*Data for this exercise:*
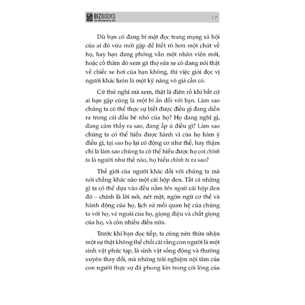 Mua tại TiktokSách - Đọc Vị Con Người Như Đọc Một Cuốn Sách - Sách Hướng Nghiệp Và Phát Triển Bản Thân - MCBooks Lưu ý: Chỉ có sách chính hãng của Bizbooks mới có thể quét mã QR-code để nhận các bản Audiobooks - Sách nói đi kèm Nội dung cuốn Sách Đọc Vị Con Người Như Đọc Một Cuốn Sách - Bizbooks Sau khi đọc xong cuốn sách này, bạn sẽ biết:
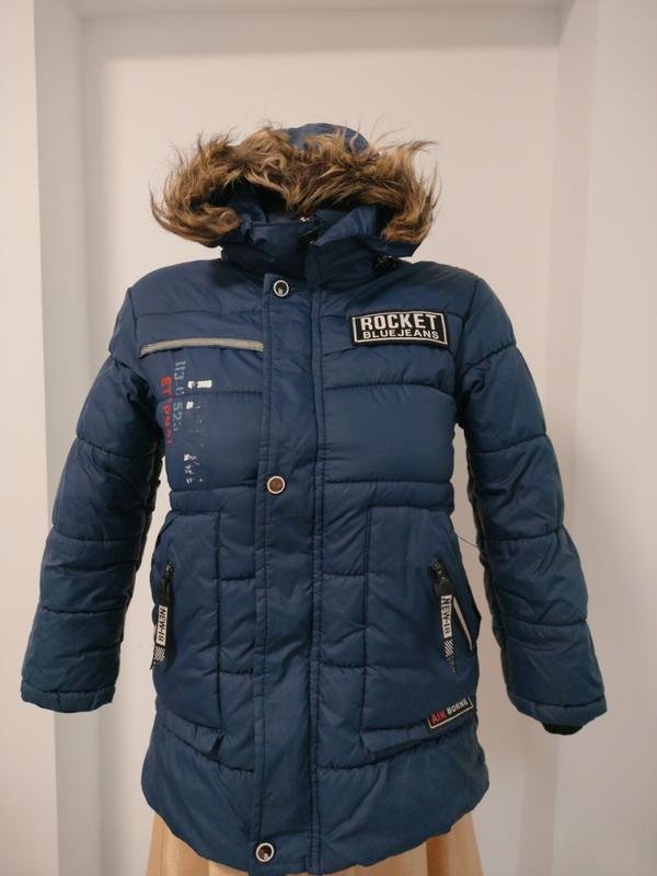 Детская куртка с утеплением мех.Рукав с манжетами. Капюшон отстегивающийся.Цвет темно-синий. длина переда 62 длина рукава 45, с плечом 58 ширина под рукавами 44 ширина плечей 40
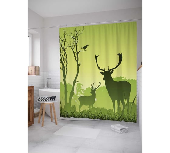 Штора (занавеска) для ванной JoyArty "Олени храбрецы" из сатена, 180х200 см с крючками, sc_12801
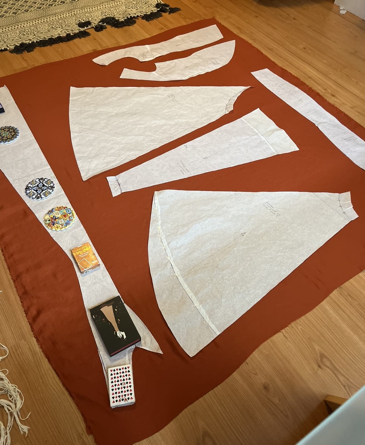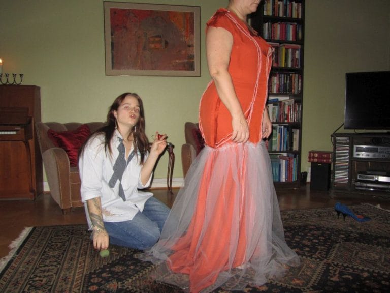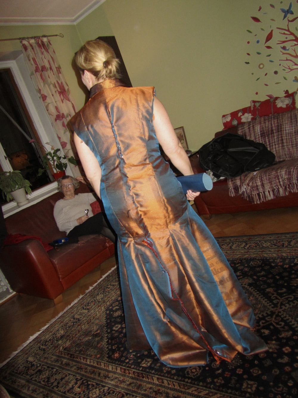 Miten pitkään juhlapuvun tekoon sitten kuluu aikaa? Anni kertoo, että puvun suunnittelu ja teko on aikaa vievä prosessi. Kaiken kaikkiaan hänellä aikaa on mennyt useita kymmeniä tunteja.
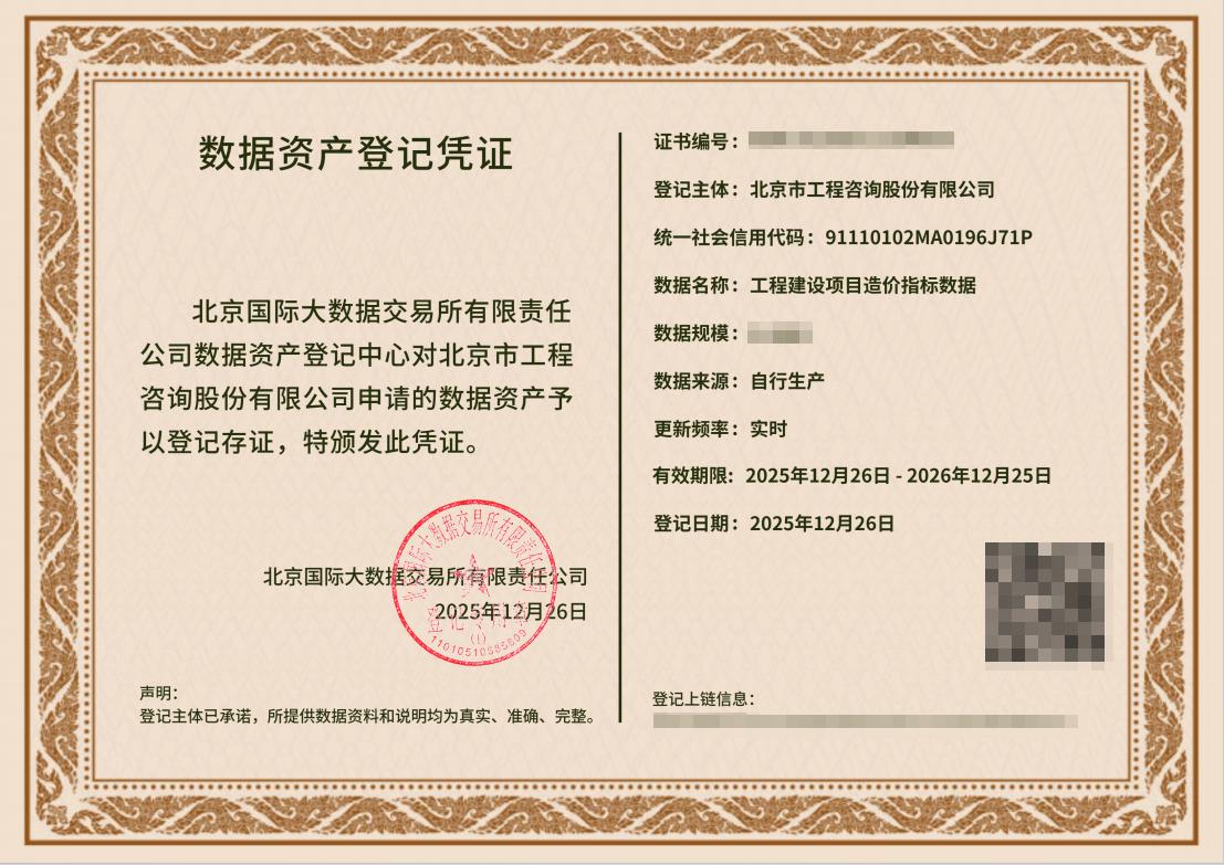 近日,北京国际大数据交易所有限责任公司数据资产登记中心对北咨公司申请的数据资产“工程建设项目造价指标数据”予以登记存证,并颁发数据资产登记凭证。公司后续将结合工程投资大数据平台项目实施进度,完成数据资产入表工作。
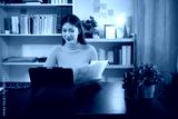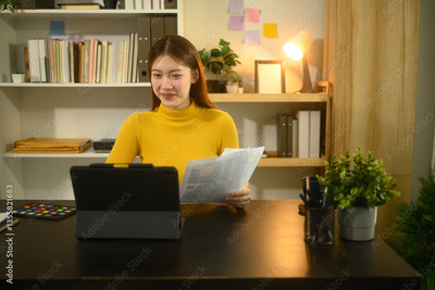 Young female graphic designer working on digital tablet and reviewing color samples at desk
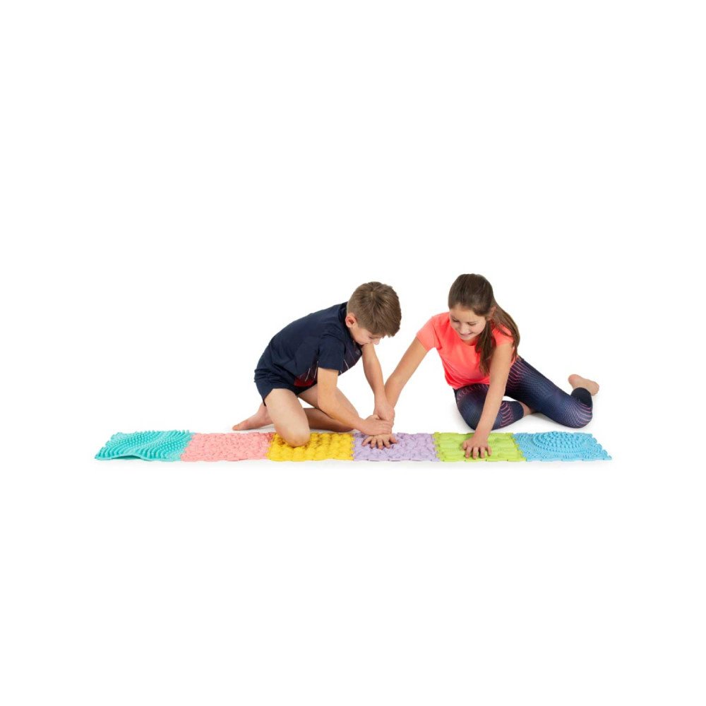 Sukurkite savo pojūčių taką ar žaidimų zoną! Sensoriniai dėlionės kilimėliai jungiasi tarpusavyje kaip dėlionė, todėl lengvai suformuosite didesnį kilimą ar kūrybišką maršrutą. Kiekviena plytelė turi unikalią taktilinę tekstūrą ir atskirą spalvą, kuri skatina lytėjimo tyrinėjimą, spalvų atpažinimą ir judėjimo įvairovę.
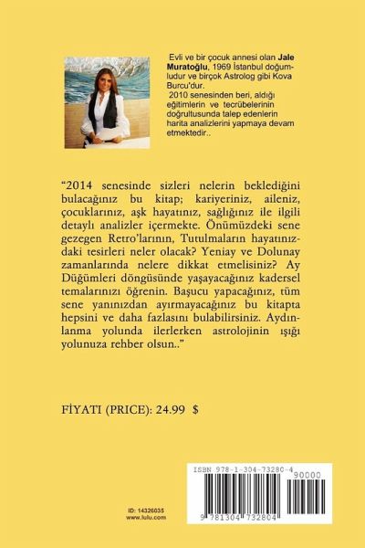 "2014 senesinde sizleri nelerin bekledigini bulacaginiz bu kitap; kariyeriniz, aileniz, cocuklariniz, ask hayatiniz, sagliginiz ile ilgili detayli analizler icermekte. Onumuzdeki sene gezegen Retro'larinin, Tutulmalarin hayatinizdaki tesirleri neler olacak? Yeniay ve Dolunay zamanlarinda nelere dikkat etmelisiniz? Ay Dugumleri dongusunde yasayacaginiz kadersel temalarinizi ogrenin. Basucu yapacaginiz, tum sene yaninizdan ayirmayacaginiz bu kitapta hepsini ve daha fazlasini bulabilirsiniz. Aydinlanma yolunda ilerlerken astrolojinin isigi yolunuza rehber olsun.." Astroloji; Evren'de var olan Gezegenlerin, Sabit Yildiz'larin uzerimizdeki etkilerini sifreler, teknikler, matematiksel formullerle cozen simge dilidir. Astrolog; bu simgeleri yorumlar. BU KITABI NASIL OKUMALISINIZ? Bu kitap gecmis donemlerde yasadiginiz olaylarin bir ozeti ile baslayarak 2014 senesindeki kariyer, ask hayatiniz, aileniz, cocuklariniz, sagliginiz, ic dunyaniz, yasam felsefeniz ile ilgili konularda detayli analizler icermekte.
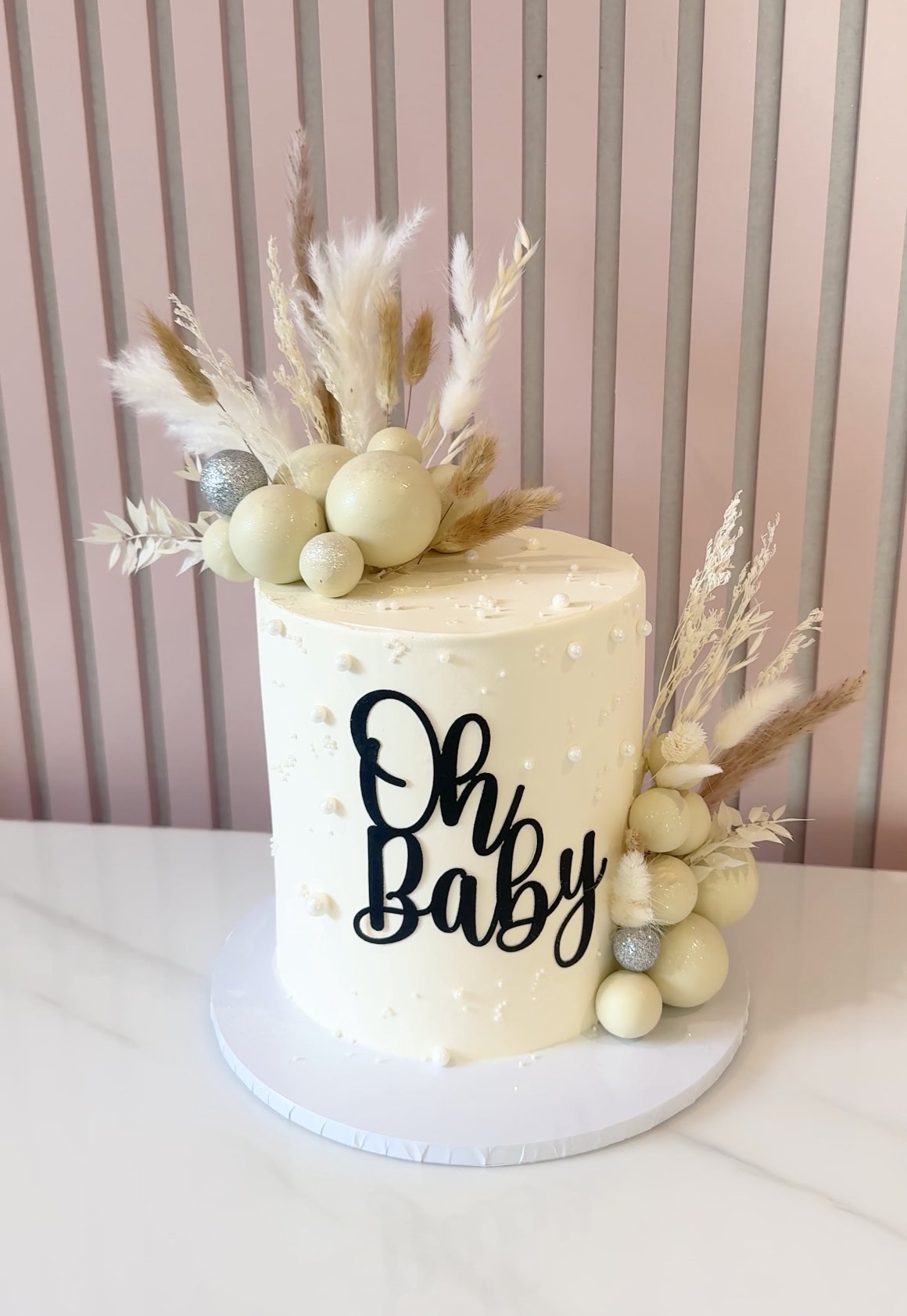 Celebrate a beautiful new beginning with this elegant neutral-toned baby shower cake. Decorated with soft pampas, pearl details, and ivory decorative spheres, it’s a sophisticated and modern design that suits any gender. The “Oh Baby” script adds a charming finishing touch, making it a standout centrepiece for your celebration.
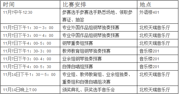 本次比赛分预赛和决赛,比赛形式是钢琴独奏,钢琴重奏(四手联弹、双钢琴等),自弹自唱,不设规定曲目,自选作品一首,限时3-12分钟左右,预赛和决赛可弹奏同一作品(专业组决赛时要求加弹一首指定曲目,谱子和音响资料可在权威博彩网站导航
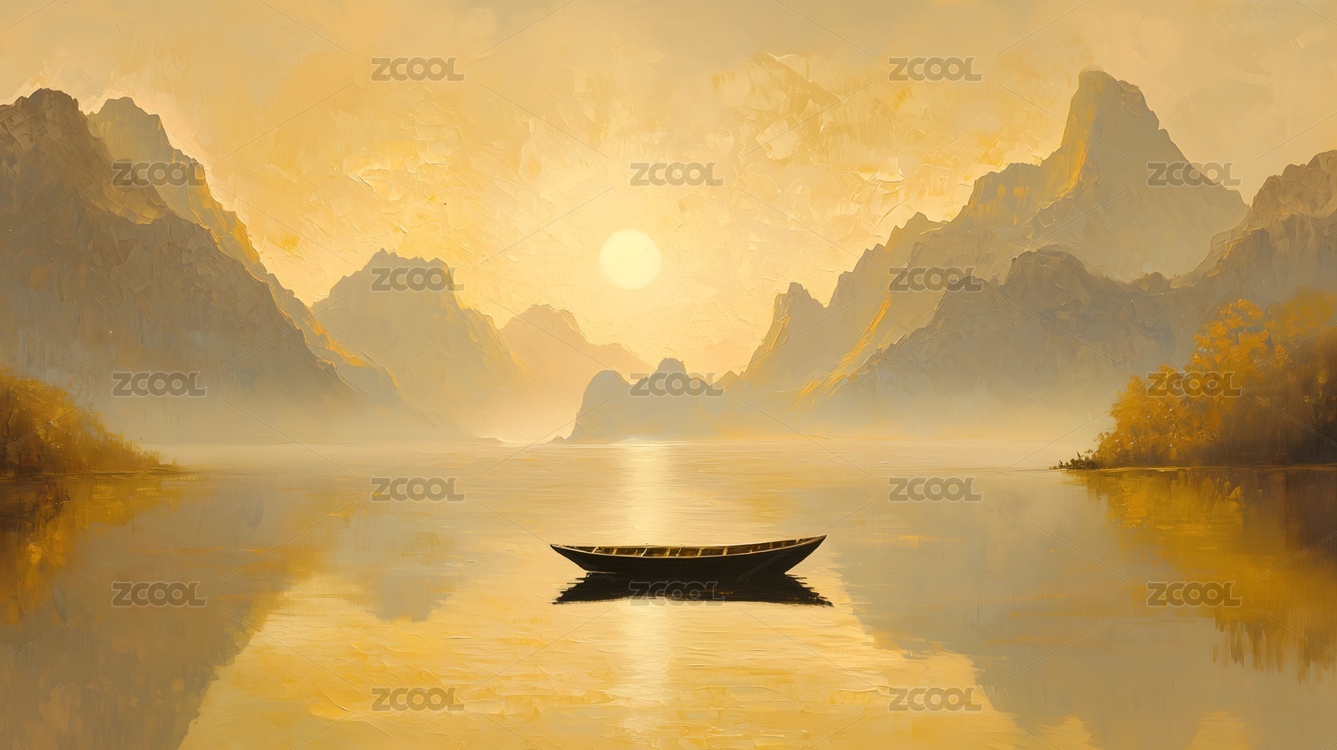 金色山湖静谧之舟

*Task instructions:* Every line from the top of the records above to the line with "Детская куртка с", inclusive, should be duplicated exactly, minus the pictures.

*Written answer:*
 Mua tại TiktokSách - Đọc Vị Con Người Như Đọc Một Cuốn Sách - Sách Hướng Nghiệp Và Phát Triển Bản Thân - MCBooks Lưu ý: Chỉ có sách chính hãng của Bizbooks mới có thể quét mã QR-code để nhận các bản Audiobooks - Sách nói đi kèm Nội dung cuốn Sách Đọc Vị Con Người Như Đọc Một Cuốn Sách - Bizbooks Sau khi đọc xong cuốn sách này, bạn sẽ biết:
 Детская куртка с утеплением мех.Рукав с манжетами. Капюшон отстегивающийся.Цвет темно-синий. длина переда 62 длина рукава 45, с плечом 58 ширина под рукавами 44 ширина плечей 40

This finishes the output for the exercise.